Data to use -
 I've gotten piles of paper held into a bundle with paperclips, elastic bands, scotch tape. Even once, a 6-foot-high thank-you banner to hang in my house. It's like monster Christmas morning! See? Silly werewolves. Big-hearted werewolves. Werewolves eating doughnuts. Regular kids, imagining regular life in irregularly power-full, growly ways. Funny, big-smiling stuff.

--

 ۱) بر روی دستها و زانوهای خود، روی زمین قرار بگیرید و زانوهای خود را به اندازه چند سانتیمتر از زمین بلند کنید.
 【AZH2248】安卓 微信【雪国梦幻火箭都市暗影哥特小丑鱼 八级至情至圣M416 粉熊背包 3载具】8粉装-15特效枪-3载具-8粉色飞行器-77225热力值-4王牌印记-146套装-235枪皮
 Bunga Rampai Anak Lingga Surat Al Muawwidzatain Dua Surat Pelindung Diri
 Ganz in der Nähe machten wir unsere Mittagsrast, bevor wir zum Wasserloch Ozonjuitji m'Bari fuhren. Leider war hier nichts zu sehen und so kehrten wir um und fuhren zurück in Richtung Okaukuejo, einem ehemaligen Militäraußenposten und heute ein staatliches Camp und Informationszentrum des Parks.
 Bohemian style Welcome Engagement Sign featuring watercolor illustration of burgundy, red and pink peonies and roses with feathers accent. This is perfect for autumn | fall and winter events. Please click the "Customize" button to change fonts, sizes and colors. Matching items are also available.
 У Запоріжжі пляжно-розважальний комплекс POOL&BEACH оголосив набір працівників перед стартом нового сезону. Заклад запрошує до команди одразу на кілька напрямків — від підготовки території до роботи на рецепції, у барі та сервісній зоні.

Exercise instructions - Show the lines above that have the word "with".

Output -
 I've gotten piles of paper held into a bundle with paperclips, elastic bands, scotch tape. Even once, a 6-foot-high thank-you banner to hang in my house. It's like monster Christmas morning! See? Silly werewolves. Big-hearted werewolves. Werewolves eating doughnuts. Regular kids, imagining regular life in irregularly power-full, growly ways. Funny, big-smiling stuff.
 Bohemian style Welcome Engagement Sign featuring watercolor illustration of burgundy, red and pink peonies and roses with feathers accent. This is perfect for autumn | fall and winter events. Please click the "Customize" button to change fonts, sizes and colors. Matching items are also available.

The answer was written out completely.